Saved data entries:
☆ ☆ ☆
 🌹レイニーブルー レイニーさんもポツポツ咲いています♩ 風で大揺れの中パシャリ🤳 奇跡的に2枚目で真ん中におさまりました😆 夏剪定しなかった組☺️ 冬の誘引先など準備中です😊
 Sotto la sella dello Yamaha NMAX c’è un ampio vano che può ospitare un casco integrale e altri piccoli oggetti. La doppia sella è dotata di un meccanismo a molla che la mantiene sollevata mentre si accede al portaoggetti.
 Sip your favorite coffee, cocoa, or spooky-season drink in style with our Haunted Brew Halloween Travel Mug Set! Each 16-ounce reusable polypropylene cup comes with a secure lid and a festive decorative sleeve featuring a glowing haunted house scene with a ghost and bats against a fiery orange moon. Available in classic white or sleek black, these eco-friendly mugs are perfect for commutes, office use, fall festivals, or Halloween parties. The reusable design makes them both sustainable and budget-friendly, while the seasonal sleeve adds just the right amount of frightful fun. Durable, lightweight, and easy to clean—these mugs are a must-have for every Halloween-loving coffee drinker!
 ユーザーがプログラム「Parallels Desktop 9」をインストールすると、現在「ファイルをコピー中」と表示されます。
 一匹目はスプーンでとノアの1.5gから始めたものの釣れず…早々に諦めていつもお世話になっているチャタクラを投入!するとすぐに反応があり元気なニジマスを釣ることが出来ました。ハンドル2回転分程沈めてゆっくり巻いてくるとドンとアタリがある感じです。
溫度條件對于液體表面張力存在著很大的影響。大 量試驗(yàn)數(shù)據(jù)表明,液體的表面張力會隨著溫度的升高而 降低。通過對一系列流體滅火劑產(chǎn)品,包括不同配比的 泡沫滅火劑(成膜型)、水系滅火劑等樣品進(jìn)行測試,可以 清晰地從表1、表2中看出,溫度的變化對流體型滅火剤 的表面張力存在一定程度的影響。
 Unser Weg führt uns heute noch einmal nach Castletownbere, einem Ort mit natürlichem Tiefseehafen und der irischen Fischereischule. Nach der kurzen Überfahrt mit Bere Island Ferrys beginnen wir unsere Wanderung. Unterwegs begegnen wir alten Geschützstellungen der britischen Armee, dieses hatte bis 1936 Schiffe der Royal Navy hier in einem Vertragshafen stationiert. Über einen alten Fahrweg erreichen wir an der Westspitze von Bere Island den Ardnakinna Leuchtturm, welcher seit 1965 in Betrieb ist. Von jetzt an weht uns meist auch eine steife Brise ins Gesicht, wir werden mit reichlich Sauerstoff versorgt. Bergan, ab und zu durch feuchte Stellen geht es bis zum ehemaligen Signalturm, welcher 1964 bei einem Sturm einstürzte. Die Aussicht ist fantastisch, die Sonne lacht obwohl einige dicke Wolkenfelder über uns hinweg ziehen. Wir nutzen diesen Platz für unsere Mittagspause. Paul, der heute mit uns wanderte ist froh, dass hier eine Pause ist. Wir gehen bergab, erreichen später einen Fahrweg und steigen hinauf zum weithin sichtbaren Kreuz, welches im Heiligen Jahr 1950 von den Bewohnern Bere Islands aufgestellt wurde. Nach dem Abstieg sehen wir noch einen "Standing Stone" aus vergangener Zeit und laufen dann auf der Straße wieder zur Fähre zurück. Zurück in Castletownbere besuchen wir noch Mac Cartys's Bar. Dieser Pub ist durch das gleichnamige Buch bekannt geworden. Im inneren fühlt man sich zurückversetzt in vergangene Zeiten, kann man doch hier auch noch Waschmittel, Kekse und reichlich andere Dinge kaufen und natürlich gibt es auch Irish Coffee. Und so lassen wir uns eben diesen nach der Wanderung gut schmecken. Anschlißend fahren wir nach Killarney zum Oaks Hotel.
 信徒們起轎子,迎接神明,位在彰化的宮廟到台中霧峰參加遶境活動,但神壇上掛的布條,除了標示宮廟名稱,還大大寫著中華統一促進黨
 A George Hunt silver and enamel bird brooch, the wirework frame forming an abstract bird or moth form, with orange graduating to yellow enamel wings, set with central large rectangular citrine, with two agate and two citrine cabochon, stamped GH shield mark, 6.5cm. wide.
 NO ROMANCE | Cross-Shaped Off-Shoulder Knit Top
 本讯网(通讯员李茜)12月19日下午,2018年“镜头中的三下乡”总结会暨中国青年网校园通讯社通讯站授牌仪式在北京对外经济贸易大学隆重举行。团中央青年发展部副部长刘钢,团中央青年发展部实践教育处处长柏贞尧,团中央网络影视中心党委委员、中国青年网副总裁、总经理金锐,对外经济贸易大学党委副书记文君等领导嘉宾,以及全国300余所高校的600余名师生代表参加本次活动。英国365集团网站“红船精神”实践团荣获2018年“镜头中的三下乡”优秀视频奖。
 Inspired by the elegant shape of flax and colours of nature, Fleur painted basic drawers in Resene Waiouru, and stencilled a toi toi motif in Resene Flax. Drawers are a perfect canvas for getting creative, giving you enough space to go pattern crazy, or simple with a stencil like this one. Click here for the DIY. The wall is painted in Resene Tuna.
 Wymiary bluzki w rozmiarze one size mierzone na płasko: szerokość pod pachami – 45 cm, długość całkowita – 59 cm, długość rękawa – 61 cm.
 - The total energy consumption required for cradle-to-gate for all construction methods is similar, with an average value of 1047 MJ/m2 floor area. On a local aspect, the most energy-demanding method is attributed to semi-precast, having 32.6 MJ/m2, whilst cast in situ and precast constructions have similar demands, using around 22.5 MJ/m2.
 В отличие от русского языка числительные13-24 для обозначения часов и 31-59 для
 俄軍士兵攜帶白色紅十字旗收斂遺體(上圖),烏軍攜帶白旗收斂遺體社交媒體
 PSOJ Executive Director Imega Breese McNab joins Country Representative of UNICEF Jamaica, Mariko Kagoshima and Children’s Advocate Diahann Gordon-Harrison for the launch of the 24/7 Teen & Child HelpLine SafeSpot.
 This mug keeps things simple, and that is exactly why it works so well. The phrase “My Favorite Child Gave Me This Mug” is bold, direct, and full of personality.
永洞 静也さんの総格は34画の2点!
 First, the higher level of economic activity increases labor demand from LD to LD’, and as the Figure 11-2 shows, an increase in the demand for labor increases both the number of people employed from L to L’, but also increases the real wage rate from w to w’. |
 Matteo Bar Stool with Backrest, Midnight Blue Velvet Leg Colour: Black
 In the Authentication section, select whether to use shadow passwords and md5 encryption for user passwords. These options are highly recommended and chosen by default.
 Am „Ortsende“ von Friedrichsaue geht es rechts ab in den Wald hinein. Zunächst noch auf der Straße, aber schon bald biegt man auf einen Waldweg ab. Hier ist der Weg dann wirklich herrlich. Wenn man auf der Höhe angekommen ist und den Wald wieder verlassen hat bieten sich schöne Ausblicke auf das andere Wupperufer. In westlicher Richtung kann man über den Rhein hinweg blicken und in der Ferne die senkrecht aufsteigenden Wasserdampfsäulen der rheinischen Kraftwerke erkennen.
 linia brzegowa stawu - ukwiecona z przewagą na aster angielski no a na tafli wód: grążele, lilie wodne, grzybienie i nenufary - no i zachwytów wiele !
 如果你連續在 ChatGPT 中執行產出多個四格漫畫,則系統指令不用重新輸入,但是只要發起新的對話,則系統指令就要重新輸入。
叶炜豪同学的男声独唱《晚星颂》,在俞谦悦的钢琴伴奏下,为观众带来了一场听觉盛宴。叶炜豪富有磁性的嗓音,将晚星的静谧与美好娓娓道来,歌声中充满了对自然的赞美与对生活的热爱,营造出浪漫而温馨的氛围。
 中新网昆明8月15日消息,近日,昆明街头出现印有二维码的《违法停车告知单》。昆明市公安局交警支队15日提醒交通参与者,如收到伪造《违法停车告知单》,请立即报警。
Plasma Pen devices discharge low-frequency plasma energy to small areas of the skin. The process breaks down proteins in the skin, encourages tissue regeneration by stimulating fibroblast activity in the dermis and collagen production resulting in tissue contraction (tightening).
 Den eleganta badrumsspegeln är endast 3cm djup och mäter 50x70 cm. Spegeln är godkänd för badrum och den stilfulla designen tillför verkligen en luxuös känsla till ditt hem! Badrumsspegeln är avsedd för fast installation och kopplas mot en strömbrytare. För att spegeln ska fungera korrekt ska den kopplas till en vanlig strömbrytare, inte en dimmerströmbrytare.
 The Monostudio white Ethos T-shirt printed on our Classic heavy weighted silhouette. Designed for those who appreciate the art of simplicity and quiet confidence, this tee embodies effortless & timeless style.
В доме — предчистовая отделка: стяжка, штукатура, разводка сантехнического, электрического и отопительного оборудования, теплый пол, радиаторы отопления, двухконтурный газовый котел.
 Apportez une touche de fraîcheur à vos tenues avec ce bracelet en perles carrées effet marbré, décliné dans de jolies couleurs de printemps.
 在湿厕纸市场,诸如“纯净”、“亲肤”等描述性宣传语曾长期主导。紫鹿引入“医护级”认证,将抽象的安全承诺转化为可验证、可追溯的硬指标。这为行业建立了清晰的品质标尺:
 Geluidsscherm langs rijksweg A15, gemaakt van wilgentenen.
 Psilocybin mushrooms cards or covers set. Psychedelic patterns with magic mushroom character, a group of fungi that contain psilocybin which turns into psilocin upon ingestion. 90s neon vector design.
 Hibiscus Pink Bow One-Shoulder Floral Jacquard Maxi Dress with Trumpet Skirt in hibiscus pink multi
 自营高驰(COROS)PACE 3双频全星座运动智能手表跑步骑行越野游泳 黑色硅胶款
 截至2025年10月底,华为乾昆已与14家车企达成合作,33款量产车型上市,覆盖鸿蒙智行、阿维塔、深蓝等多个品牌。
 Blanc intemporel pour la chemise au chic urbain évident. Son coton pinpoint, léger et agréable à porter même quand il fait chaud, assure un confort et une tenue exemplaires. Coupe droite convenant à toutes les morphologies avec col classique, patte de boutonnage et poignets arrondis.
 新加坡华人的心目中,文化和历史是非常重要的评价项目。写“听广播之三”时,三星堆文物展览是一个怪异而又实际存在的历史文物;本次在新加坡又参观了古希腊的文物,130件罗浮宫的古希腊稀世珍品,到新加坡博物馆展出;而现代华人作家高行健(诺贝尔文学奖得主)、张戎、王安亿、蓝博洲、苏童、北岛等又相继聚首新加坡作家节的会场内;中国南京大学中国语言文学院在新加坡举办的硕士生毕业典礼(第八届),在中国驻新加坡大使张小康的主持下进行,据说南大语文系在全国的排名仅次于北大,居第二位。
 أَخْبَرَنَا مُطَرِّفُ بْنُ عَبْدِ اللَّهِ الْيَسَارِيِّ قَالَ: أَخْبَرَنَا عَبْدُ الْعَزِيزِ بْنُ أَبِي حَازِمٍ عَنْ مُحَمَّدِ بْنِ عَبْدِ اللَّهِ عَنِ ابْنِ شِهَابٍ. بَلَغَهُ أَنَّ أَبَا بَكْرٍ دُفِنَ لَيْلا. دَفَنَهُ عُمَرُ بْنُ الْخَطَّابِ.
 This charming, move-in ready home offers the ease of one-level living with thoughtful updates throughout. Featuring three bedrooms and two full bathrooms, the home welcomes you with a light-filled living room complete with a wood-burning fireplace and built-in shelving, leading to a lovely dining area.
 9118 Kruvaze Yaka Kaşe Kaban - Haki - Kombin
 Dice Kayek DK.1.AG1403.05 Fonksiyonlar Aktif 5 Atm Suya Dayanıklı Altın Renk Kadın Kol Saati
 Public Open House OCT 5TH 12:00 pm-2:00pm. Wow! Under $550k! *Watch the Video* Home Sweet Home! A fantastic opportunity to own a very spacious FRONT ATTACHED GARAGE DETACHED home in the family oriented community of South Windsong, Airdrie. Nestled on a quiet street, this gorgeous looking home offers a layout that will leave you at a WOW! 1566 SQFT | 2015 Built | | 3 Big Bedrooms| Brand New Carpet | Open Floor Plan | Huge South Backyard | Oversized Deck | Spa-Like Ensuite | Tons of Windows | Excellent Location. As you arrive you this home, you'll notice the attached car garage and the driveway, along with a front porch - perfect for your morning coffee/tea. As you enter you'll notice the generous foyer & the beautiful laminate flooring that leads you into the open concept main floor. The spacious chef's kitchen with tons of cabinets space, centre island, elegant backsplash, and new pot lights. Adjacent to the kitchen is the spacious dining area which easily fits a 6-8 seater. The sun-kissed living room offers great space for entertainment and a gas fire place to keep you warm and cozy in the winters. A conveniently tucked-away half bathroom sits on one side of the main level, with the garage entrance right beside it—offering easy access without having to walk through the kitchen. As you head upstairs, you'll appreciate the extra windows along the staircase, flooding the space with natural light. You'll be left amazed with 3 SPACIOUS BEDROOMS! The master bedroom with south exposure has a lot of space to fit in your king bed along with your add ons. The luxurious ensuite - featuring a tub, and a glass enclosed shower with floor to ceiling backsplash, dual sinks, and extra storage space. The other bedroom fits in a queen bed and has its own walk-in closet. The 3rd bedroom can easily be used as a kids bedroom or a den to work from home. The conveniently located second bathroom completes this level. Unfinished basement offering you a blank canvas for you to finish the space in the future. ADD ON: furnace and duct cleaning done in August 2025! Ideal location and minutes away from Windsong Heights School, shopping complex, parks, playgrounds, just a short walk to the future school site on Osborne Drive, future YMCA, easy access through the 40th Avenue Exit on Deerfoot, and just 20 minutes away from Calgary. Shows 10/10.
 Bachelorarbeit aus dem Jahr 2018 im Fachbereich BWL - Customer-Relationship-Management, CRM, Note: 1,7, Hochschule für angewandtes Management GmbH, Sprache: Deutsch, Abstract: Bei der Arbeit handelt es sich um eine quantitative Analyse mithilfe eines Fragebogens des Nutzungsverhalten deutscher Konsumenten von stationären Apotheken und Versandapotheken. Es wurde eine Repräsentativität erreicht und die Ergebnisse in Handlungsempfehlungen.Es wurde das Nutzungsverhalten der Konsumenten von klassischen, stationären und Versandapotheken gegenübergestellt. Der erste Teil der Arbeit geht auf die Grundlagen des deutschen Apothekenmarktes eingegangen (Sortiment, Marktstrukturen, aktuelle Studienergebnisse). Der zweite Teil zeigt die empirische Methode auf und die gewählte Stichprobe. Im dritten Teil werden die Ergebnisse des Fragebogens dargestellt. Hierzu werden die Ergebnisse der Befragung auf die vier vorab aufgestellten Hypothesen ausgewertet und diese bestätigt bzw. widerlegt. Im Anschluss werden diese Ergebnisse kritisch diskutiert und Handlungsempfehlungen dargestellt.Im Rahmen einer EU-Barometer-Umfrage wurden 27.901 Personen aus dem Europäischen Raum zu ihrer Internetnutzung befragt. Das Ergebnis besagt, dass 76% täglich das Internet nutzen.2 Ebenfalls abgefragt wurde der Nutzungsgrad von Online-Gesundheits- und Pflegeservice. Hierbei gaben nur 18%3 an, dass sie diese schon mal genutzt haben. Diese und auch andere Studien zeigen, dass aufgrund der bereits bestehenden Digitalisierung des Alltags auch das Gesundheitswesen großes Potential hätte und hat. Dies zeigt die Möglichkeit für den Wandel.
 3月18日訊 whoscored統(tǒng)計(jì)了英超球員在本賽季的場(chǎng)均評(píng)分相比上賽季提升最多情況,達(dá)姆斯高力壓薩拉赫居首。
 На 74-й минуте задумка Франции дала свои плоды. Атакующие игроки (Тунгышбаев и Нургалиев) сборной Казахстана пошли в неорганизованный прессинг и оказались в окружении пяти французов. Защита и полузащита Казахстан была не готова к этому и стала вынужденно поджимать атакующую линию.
☆ ☆ ☆
From the entries above, print the lines beginning at the one with "自营高驰(COROS)PACE 3双频全星座运动智能手表跑步骑行越野游泳 黑色硅胶款" and stopping after the one with "截至2025年10月底,华为", exactly as written and with nothing else.

■ **YOUR SOLUTION**
 自营高驰(COROS)PACE 3双频全星座运动智能手表跑步骑行越野游泳 黑色硅胶款
 截至2025年10月底,华为乾昆已与14家车企达成合作,33款量产车型上市,覆盖鸿蒙智行、阿维塔、深蓝等多个品牌。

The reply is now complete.